If a studio has motion capture from a previous game and wants to create a new character, he said, animators could use those stored recordings as training data.
“With generative AI, you can generate new data based on that pattern of previous data,” he said.
A spokeswoman for the video game makers, Audrey Cooling, said the studios offered “significant” protections for AI, but the SAG-AFTRA negotiating committee said the studios’ definition of who constitutes a “performer” is key to understanding the question of who would be protected.
“We have worked hard to put forward proposals with reasonable terms that protect the rights of performers while ensuring we can continue to use the most advanced technology to create a great gaming experience for fans,” Cooling said. “We have proposed terms that provide consent and fair compensation for anyone employed under the (contract) if an AI playback or digital replica of their performance is used in the games.”

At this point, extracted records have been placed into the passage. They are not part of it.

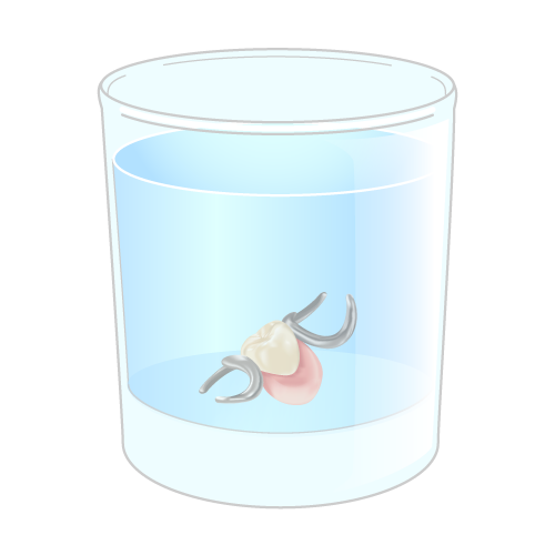 綺麗に洗った入れ歯は水や義歯洗浄剤につけて保管して下さい。
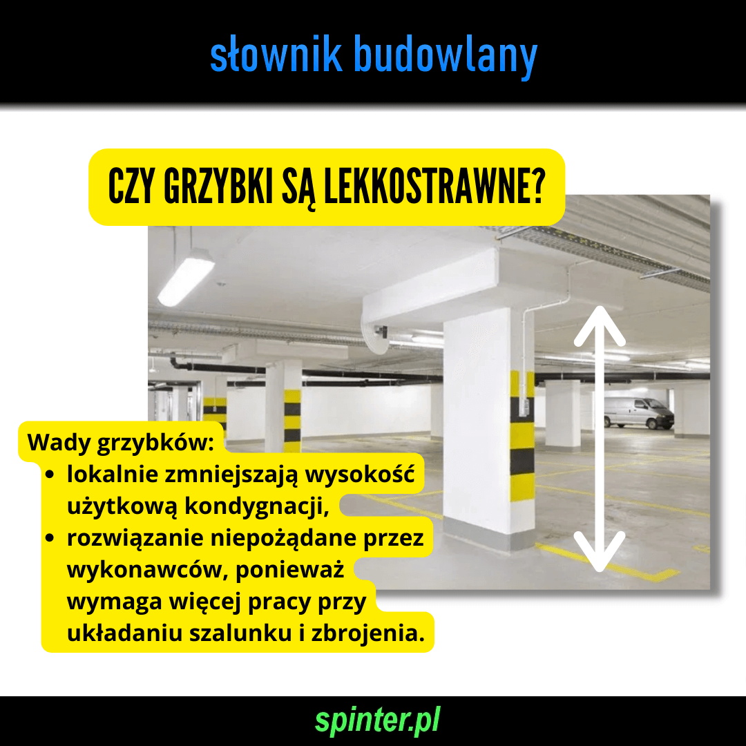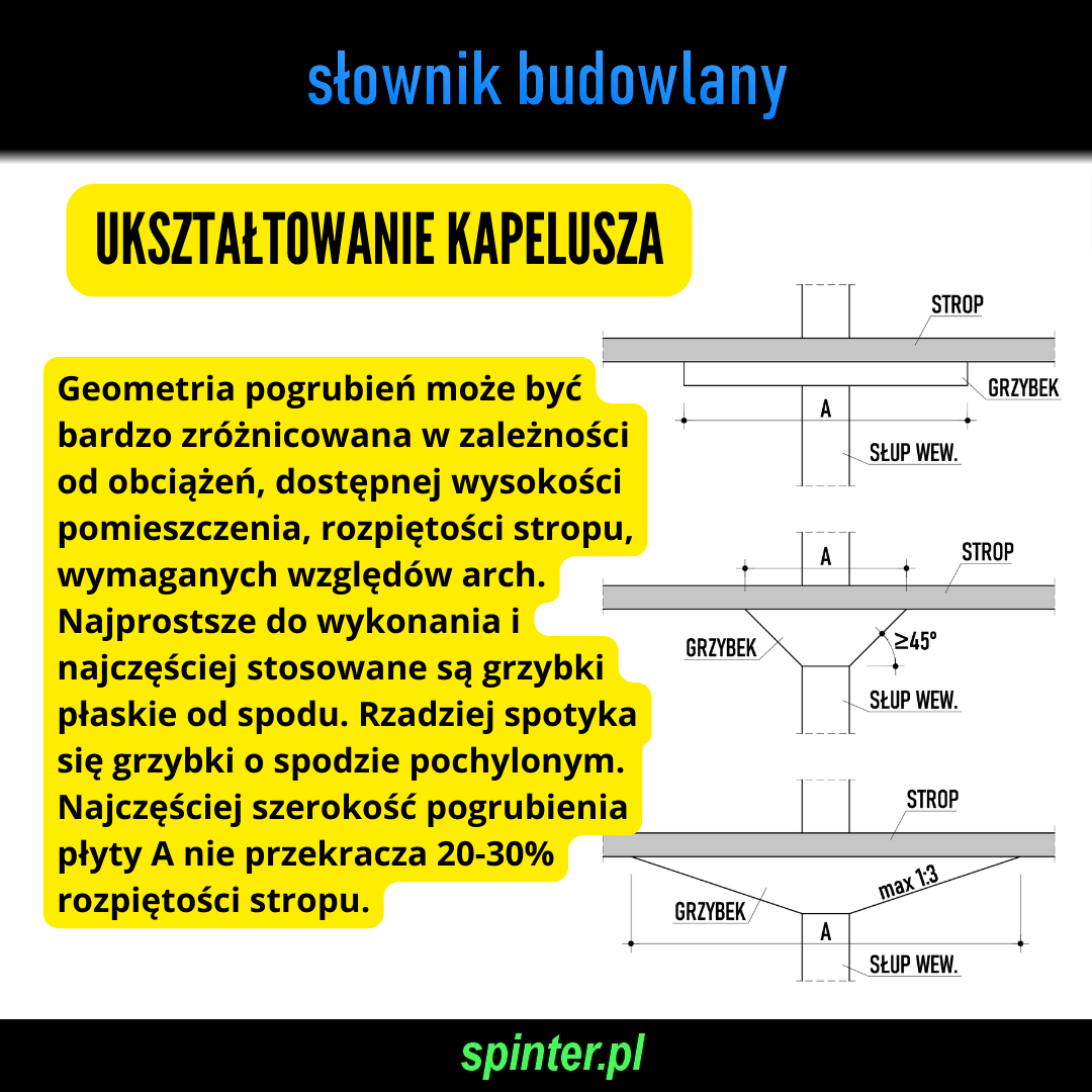 Wady grzybków: – lokalnie zmniejszają wysokość użytkową kondygnacji, – rozwiązanie niepożądane przez wykonawców, ponieważ wymaga więcej pracy przy układaniu szalunku i zbrojenia. Ukształtowanie kapelusza Geometria pogrubień może być bardzo zróżnicowana w zależności od obciążeń, dostępnej wysokości pomieszczenia, rozpiętości stropu, wymaganych względów architektonicznych. Najprostsze do wykonania i najczęściej stosowane są grzybki płaskie od spodu. Rzadziej spotyka się grzybki o spodzie pochylonym. Najczęściej szerokość pogrubienia płyty nie przekracza 20-30% rozpiętości stropu.
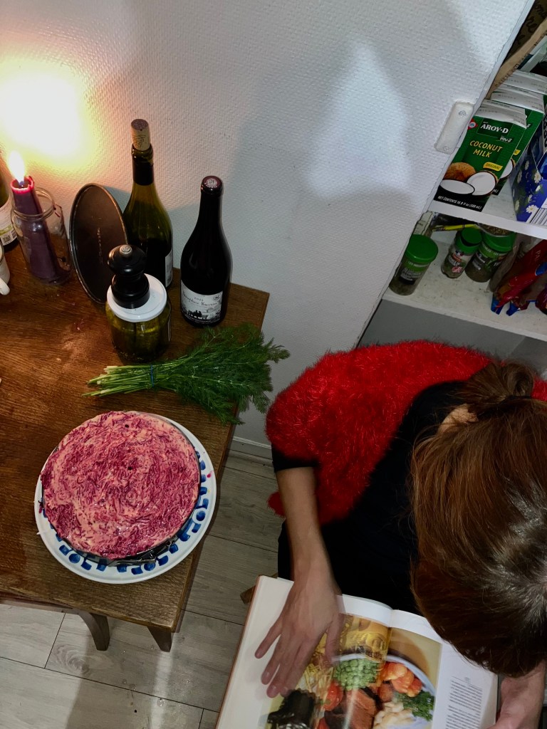 Ettersom alle er blakke, blir det mye kokkelering hjemme. Forleden inviterte de en russisk kompis som jobbet som kokk. På menyen sto georgianske dumplings og en russisk salat med det morsomme navnet sild under pelsjakke. Det var godt, men enkelt. Jeg dristet meg til å spørre om de ikke drømte om å spise ute på restaurant en gang i blant? De rister på hodet. Å få leve i Paris er drømmen i seg selv.
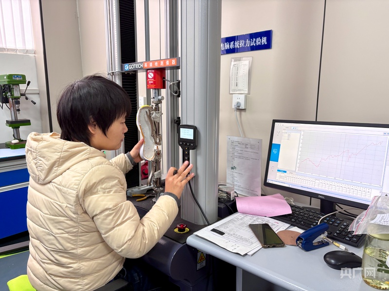 河南红晟鞋业有限公司工作人员正在对鞋底和鞋面粘和处进行拉力测试(央广网记者 张丽娜 摄)
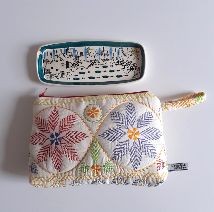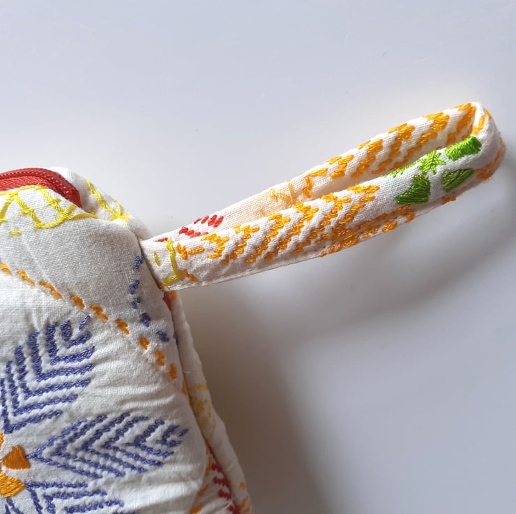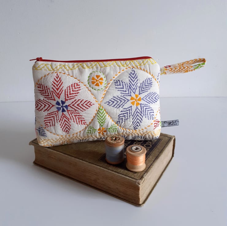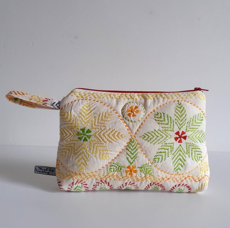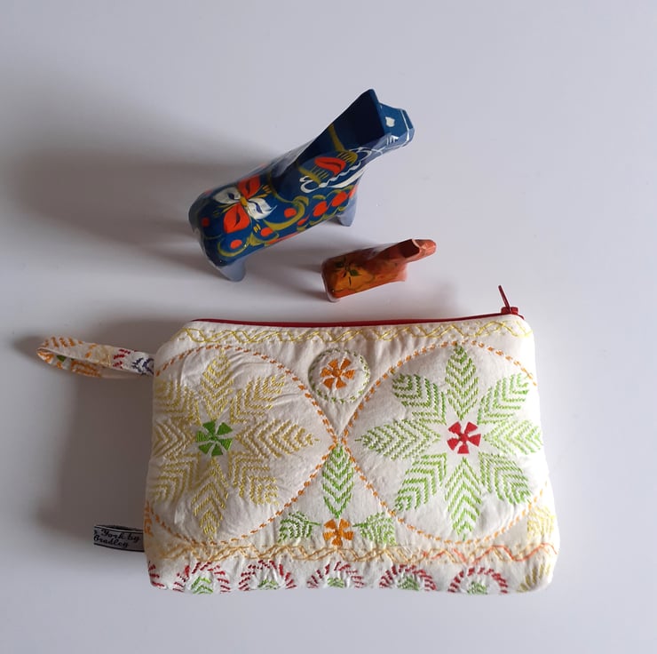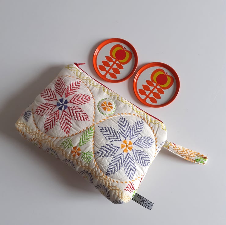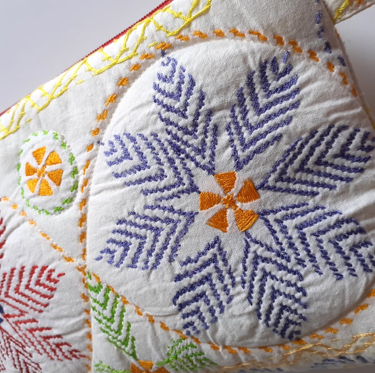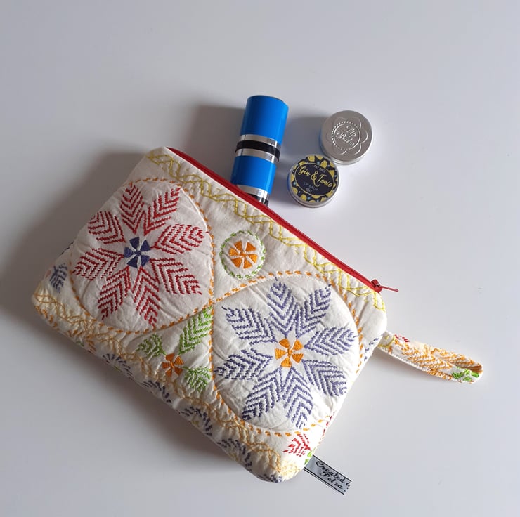 This upcycled and embroidered padded zip up bag, is perfect for make up and storing more delicate items. Its light padding gives it some protection, making it useful for storing jewellery, specs or as a suitcase organiser. It is made from a charming piece of upcycled machine embroidered calico with a folk art feel, which I bought from the York car boot in the summer. By stitching over the embroidered patterns and adding some wadding, I was able to give it a some added body. It would make a lovely spring weekend bag, as a travel bag for jewellery or as a mothers day present.

The game companies offered pay increases, he said, with an initial 7% increase in scale rates and a further 7.64% increase starting in November. This amounts to a 14.5% increase over the life of the contract. The studios also agreed to increases in travel expenses, pay for overnight transfers and an increase in overtime rates and bonuses, he added.
“Our goal is to reach an agreement with the union that will end this strike,” Cooling said.
A 2023 report on the global gaming market from industry specialist Newzoo predicted that video games would begin to include more AI-generated voices, similar to the voice acting in Squanch Games’ “High on Life.” Game developers, the Amsterdam-based firm said, will use AI to produce unique voices, bypassing the need to seek out voice actors.
“Voice actors may see fewer opportunities in the future, especially as game developers use AI to reduce costs and development time,” the report said, noting that “big AAA prestige games like ‘The Last of Us’ and ‘God of War’ use motion capture and voice acting in a similar way to Hollywood.”
Other games, like “Cyberpunk 2077,” cast celebrities.
Actor Ben Prendergast said the data points collected for motion capture don’t capture the “essence” of someone’s performance as an actor. The same is true, he said, of AI-generated voices that can’t offer the nuanced choices that go into big scenes, or smaller, more strenuous endeavors like screaming for 20 seconds to portray a character’s death by fire.
“The big problem is that someone, somewhere, has this massive data, and now I have no control over it,” said Prendergast, who voices Fuse in the “Apex Legends” game. “Nefarious or not, someone can collect that data now and say, we need a character who is nine feet tall, sounds like Ben Prendergast and can fight in this battle scene. And I have no idea that that’s going to happen until the game comes out.”
Studios could “get away with it,” he said, unless SAG-AFTRA can secure the AI protections they are fighting for.
“It reminds me a lot of sampling in the 80s, 90s and 2000s, where there were a lot of people who were into sampling classic songs,” he said. “This is an art. If you don’t protect the rights to their image, or their voice or their body and the way they walk now, then you can’t really protect human beings from other endeavors.”